# Gates Lead Too...



## Sorin (Jun 15, 2015)

A small WC to test paper adhered to a panel using Kilz. Worked well! Think this will become my norm for WC.


----------



## ErnstG (Apr 4, 2015)

Gorgeous idyll - gorgeous green variants!
Is this watercolor or gouache - or a mixture?

Ernst


----------



## TerryCurley (Jan 4, 2015)

Sorin this is a fantastic painting. I absolutely love it.


----------



## Susan Mulno (Apr 13, 2015)

Just beautiful!


----------



## Sorin (Jun 15, 2015)

Just WCs, no opaques. I like guache but prefer to keep it separate. Each medium has its own "look". I do use masking fluid at times, to separate the FG & BG & allow detail.


----------



## ErnstG (Apr 4, 2015)

Puristic - excellent!

Ernst


----------



## Sorin (Jun 15, 2015)

In some ways, Ernst... But not all. After decades painting everything from vans to fiberglass props in theme parks, I make due based upon the nature of the needs. But yeh, I like the simplicity of WCs. Yours are very nice. Very.


----------



## Bushcraftonfire (Apr 22, 2015)

Hey that's really nice Sorin.. How about a quick tutorial on what you did next time you make a sheet?


----------



## Sorin (Jun 15, 2015)

Ummm... Make a sheet?
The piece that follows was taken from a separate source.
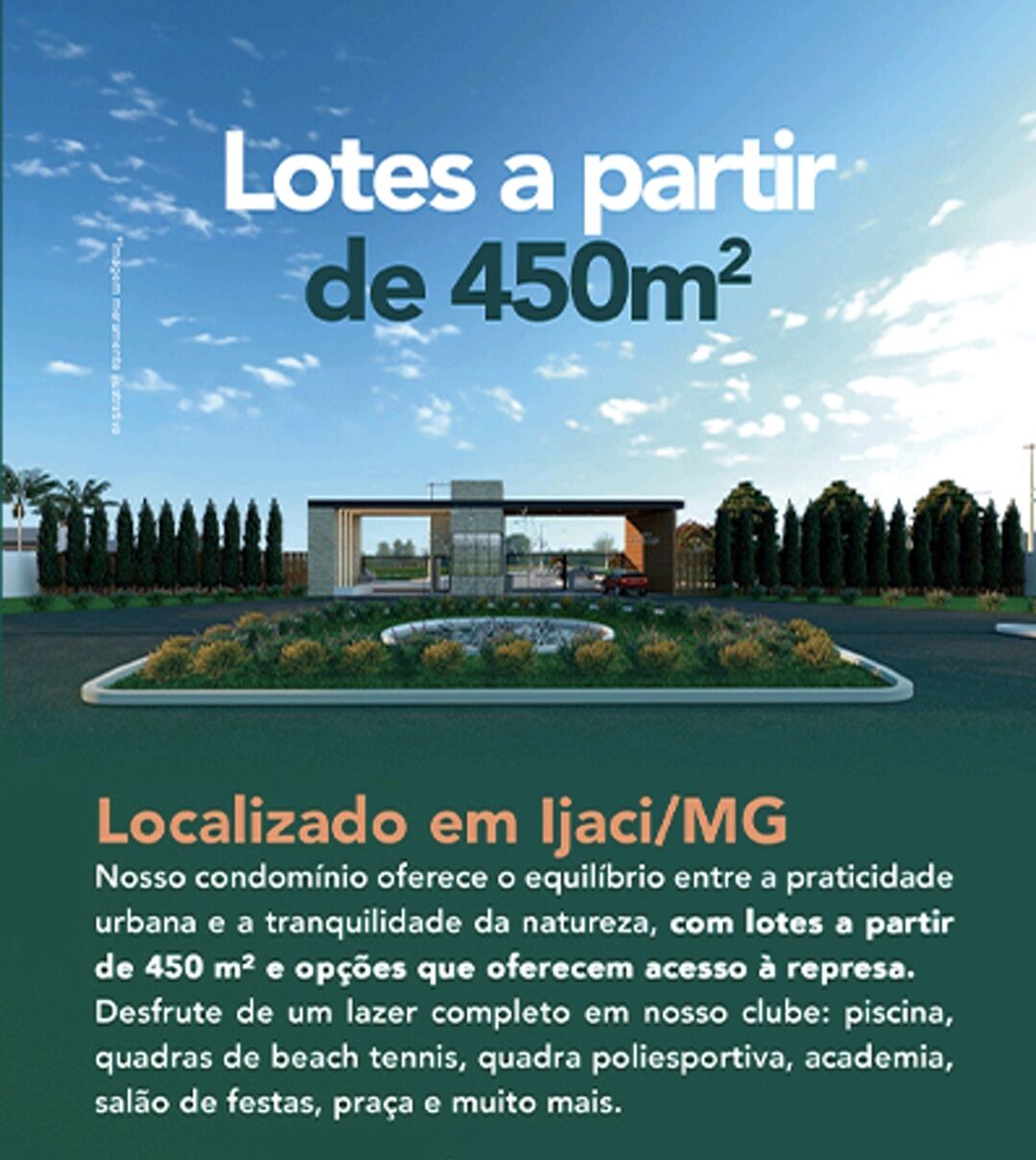 Acesso asfaltado e estrutura completa com: piscina, quadras de beach tennis, quadra poliesportiva, academia, salão de festas, praça e muito mais.

You interested in the paper covered panels or the painting? First is easy. Second... Not so since I rarely walk the same path twice. Wait till I resume combining spray with brush! Cummin up.


----------



## Bushcraftonfire (Apr 22, 2015)

Making the covered panels Bro.. That's what I meant.. sorry if I was obscure in my request


----------



## Erilia (Jul 23, 2015)

This is really beautiful, I love the colors, good job :vs_closedeyes:


----------